Task objective | The records are to be repeated in full, with the images removed.

Supplied data section start

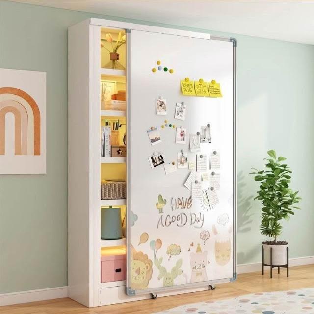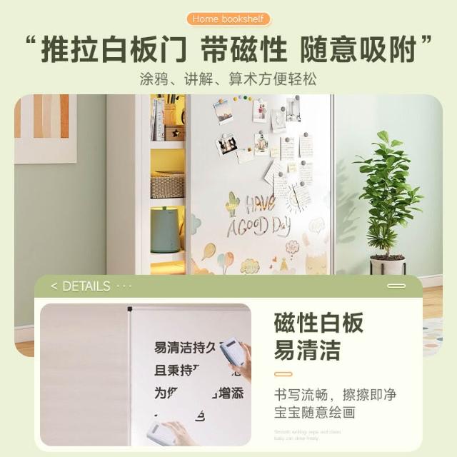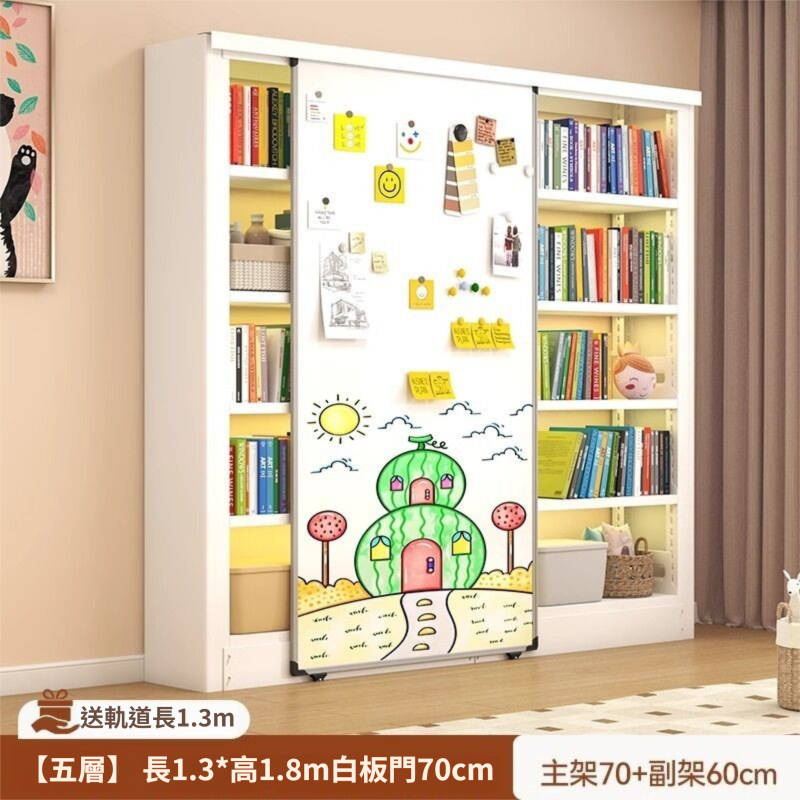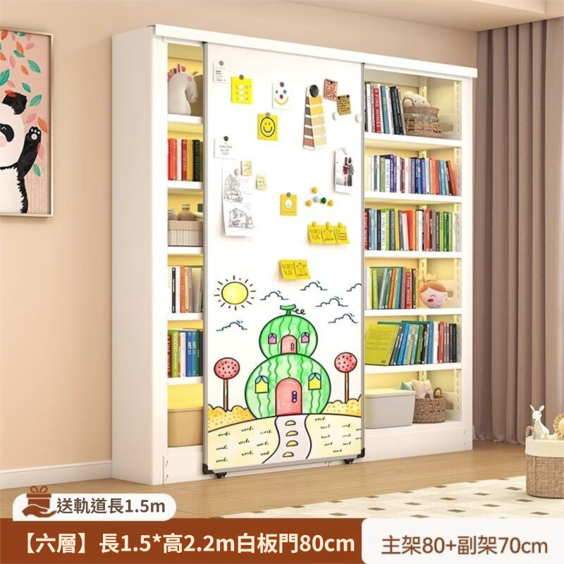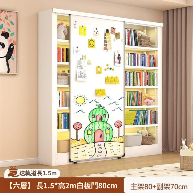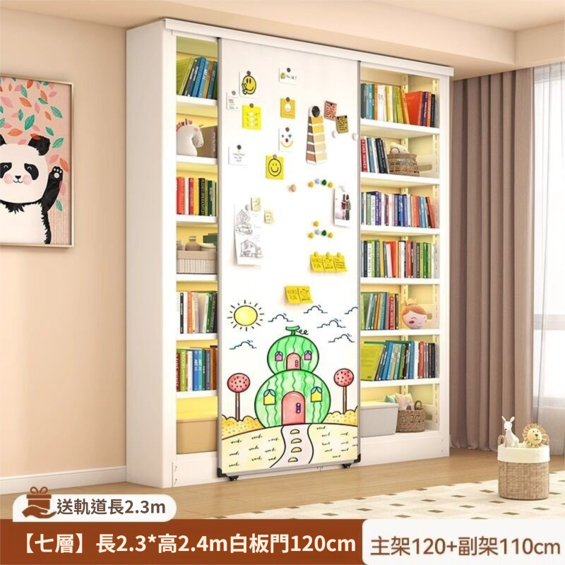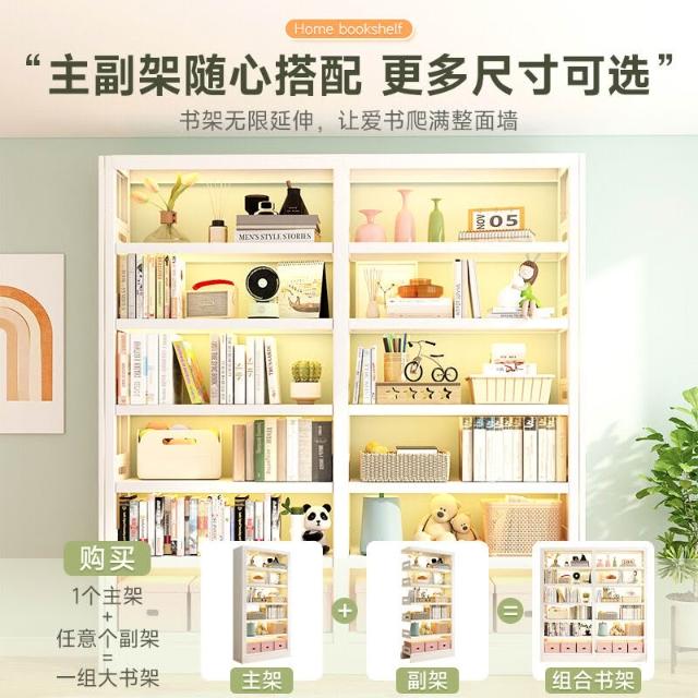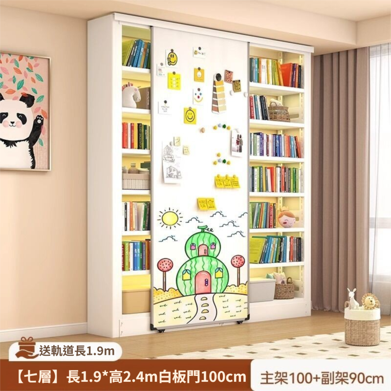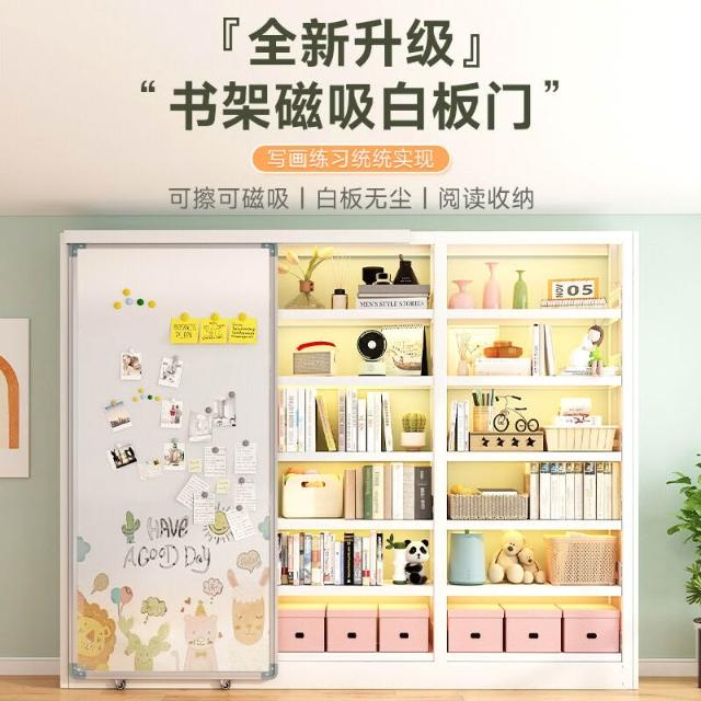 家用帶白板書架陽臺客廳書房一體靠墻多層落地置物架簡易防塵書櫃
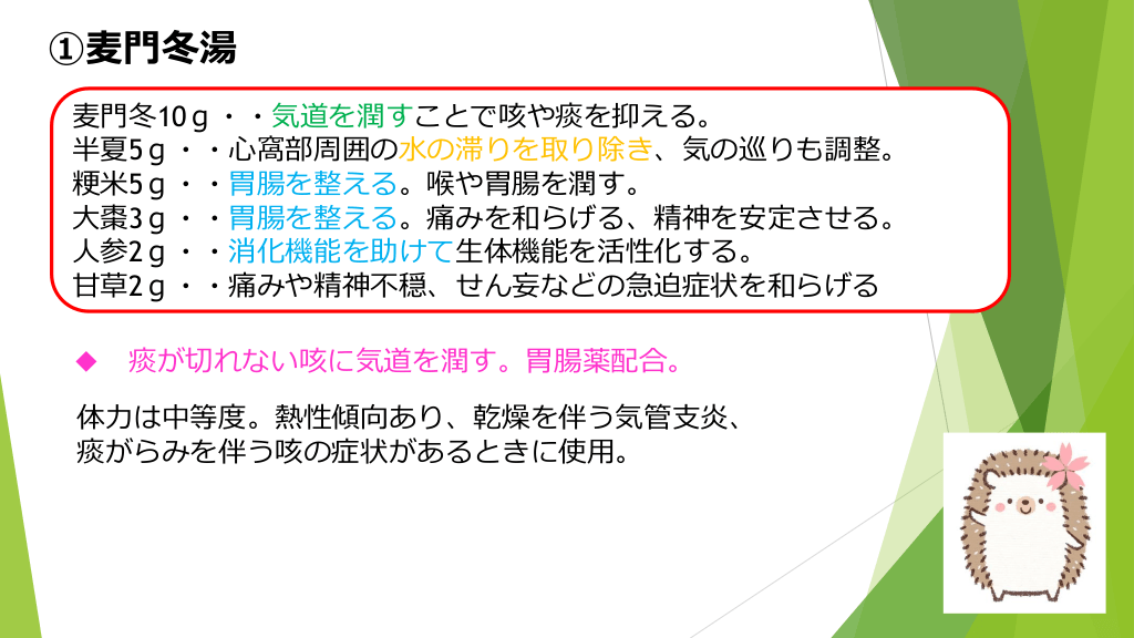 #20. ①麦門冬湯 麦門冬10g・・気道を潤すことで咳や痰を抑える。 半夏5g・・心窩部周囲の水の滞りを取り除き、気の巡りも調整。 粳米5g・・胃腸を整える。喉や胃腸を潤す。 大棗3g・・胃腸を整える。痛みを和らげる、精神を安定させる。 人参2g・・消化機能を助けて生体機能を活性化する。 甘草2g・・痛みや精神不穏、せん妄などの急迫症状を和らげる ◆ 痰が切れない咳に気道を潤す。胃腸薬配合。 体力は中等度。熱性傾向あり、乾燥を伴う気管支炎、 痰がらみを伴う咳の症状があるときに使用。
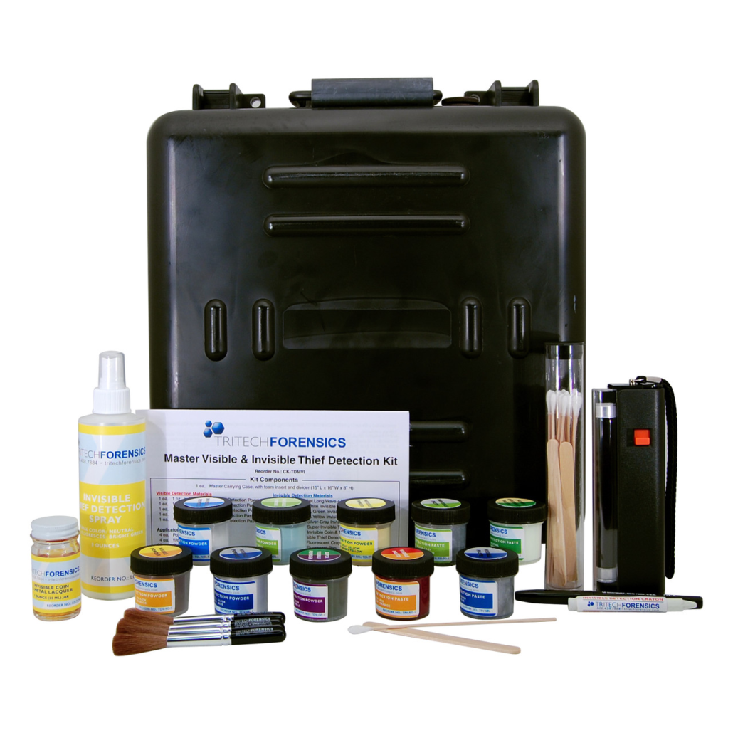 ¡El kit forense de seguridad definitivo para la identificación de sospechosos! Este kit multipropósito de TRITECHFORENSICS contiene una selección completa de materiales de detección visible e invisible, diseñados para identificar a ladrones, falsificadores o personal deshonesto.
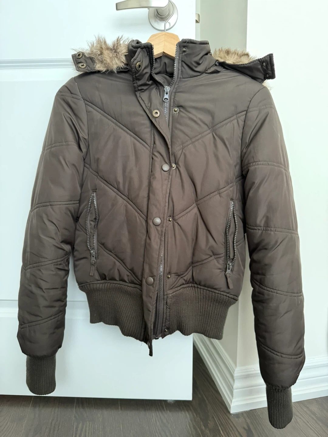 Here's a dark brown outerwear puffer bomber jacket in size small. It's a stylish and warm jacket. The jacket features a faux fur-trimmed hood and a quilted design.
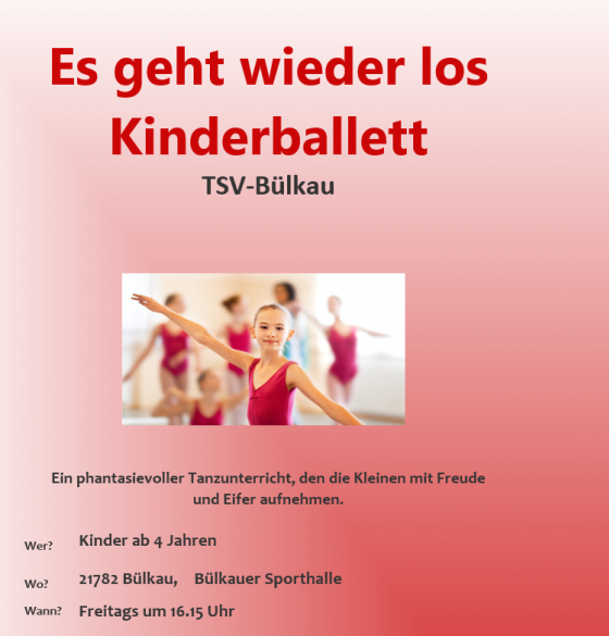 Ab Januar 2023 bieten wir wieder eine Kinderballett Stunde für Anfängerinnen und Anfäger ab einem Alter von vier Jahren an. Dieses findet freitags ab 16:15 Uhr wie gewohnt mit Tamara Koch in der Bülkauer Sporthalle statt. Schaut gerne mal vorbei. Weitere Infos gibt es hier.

Supplied data section end

Task answer |
 家用帶白板書架陽臺客廳書房一體靠墻多層落地置物架簡易防塵書櫃
 #20. ①麦門冬湯 麦門冬10g・・気道を潤すことで咳や痰を抑える。 半夏5g・・心窩部周囲の水の滞りを取り除き、気の巡りも調整。 粳米5g・・胃腸を整える。喉や胃腸を潤す。 大棗3g・・胃腸を整える。痛みを和らげる、精神を安定させる。 人参2g・・消化機能を助けて生体機能を活性化する。 甘草2g・・痛みや精神不穏、せん妄などの急迫症状を和らげる ◆ 痰が切れない咳に気道を潤す。胃腸薬配合。 体力は中等度。熱性傾向あり、乾燥を伴う気管支炎、 痰がらみを伴う咳の症状があるときに使用。
 ¡El kit forense de seguridad definitivo para la identificación de sospechosos! Este kit multipropósito de TRITECHFORENSICS contiene una selección completa de materiales de detección visible e invisible, diseñados para identificar a ladrones, falsificadores o personal deshonesto.
 Here's a dark brown outerwear puffer bomber jacket in size small. It's a stylish and warm jacket. The jacket features a faux fur-trimmed hood and a quilted design.
 Ab Januar 2023 bieten wir wieder eine Kinderballett Stunde für Anfängerinnen und Anfäger ab einem Alter von vier Jahren an. Dieses findet freitags ab 16:15 Uhr wie gewohnt mit Tamara Koch in der Bülkauer Sporthalle statt. Schaut gerne mal vorbei. Weitere Infos gibt es hier.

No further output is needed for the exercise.